Resta saber se se pretende referir ao Poder Moderador consagrado ao imperador pela Constituição de 1824 ou se se usa o termo no seu sentido literal, como órgão de conciliação entre os Poderes.
Em golpe de Estado, Dom Pedro I dissolveu a Assembleia Constituinte, que a seu ver não elaborava texto digno dele. O Conselho de Estado, nomeado para, então, elaborar a Constituição, instituiu um quarto poder, o Poder Moderador, criando a figura de rei que reina, governa e administra.
O artigo 98 da Constituição atribuía ampla competência ao chefe de Estado, mais larga que a de um presidente do presidencialismo parlamentarizado, pois o imperador podia interferir no processo legislativo, nomear e destituir ministros, dissolver a Câmara dos Deputados, prorrogar seus trabalhos, designar senadores e presidentes de província.
Por isso denominava-se o sistema de governo adotado de parlamentarismo às avessas. Ao poder imperial concederam-se inviolabilidade e irresponsabilidade.
Não se pode confundir este Poder Imperial com a pretensa intervenção das Forças Armadas em eventual conflito entre Poderes. Seria, então, o Poder Moderador a capacidade de conciliação das Forças Armadas?
Os oficiais do Exército, sob a orientação do recém-fundado Clube Militar, dirigido por Benjamin Constant, decretaram a República. Iniciou-se o período republicano com o chamado regime da espada, especialmente sob Floriano Peixoto, que impôs prisão e desterro a seus opositores.
O militarismo do primeiro mandato presidencial retornou com o sobrinho de Floriano Peixoto, o presidente Marechal Hermes da Fonseca. Entre as instituições militares e o militarismo, dizia Ruy Barbosa, vai, em substância, o abismo de uma contradição radical. O militarismo, o governo da Nação pela espada, arruína as instituições militares,
a subalternidade legal da espada à Nação.
A intensa intervenção das Forças Armadas, na primeira República, expressa-se nas revoluções de 1922, de 1924 e na de 1930, a qual, após os primeiros dias da revolta, contou com total apoio do Exército.
O golpe de 10 de novembro de 1937, instituindo o Estado Novo, teve a participação do Exército, como bem relata Hélio Silva, sendo a ditadura acordada entre Getúlio e o então ministro da Guerra, Eurico Dutra.
Como se vê, as Forças Armadas foram protagonistas da cena política em situação de comando e de substituição dos quadros civis na condução do País, impondo limitações à liberdade, o que alcançou o clímax na ditadura de 1964 e, especialmente, após 1968, com o Ato Institucional n.º 5 e a consagração da ideologia da segurança nacional.

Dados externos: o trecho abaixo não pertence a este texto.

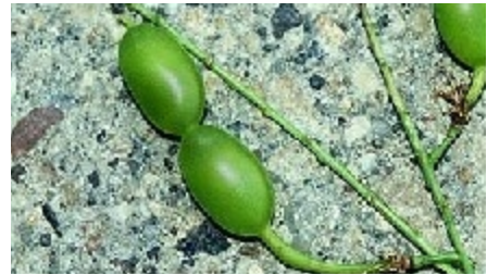
fruit (Darren Kimmbler)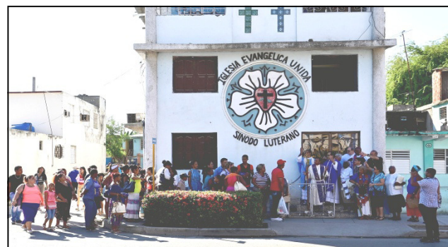
Left: Headquarters of the Iglesia Evangélica Unida-Sínodo Luterano in Santiago de Cuba.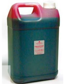
5 000ml Ref. 2005/A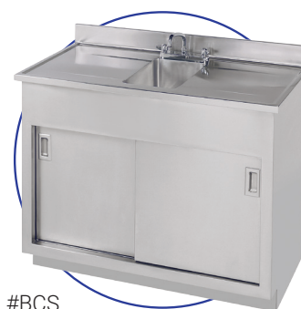
Model #BCS Shown w/ Optional Sink, Faucet & Backsplash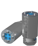
SLA R 50/4 AISI316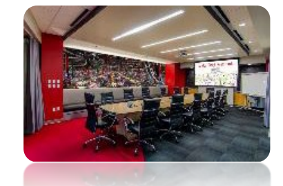
Small Conference / Collaboration Spaces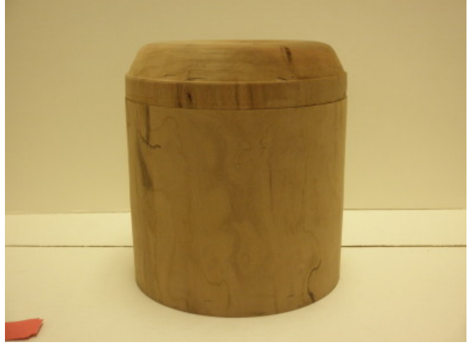
Cherry Bowl fumed with amonia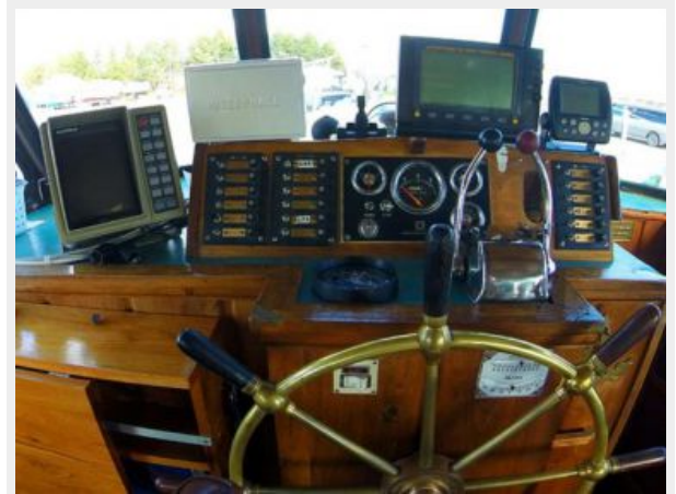
North Shore 34 Helm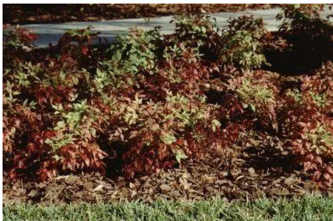
Figure 2. Full Form, Fall Color - Nandina domestica 'Harbor Dwarf': Harbor dwarf nandina.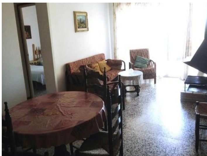
Living room with dining area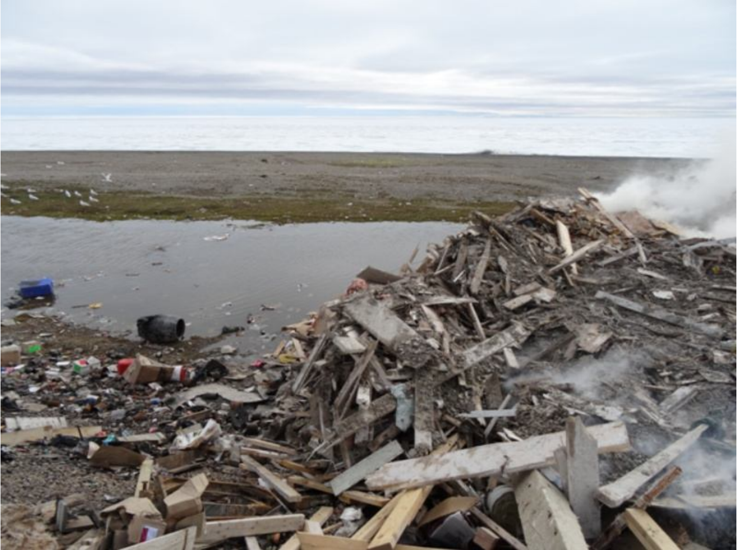
Figure 4 Municipal Waste Management Area 3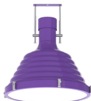
PY1824GV SHOWN WITH DR18CFO

Assim, pode-se verificar a interferência, ao longo da História, das Forças Armadas no processo político em episódios de confronto, e jamais de conciliação, substituindo-se à sociedade politicamente organizada para ditar de cima para baixo o certo e o errado, inclusive no plano dos costumes. A História não indica que as Forças Armadas tenham experiência de moderação – ao contrário.
O já referido artigo 142 da Constituição ficou, depois de debate que acompanhei na condição de assessor especial da presidência da Constituinte, assim redigido: “Artigo 142: As Forças Armadas, constituídas pela Marinha, pelo Exército e pela Aeronáutica, são instituições nacionais permanentes e regulares, organizadas com base na hierarquia e na disciplina, sob a autoridade suprema do presidente da República, e destinam-se à defesa da Pátria, à garantia dos Poderes constitucionais e, por iniciativa de qualquer destes, da lei e da ordem.”
No primeiro substitutivo do relator, editava-se que as Forças Armadas se destinam “à garantia dos Poderes constitucionais e por iniciativa expressa destes da ordem constitucional”. Poderiam, portanto, intervir para garantia tão somente da ordem constitucional, e não da ordem simplesmente. Após reunião entre o relator da Constituinte e os relatores adjuntos com o presidente Sarney e o ministro da Guerra, ficou acordado que poderia haver atuação das Forças Armadas para garantia da ordem e da lei, mas por iniciativa de qualquer dos Poderes.
Submetem-se as Forças Armadas ao poder político, podendo agir para a manutenção da ordem e da lei apenas quando convocadas por iniciativa de um dos Poderes constitucionais. Não são as Forças Armadas, de conseguinte, um poder, malgrado a relevância de garantes da ordem constitucional, pois subalternas ao comando político da Nação.
Nada justifica, portanto, diante do texto constitucional e da experiência histórica, o entendimento de que as Forças Armadas sejam um Poder Moderador.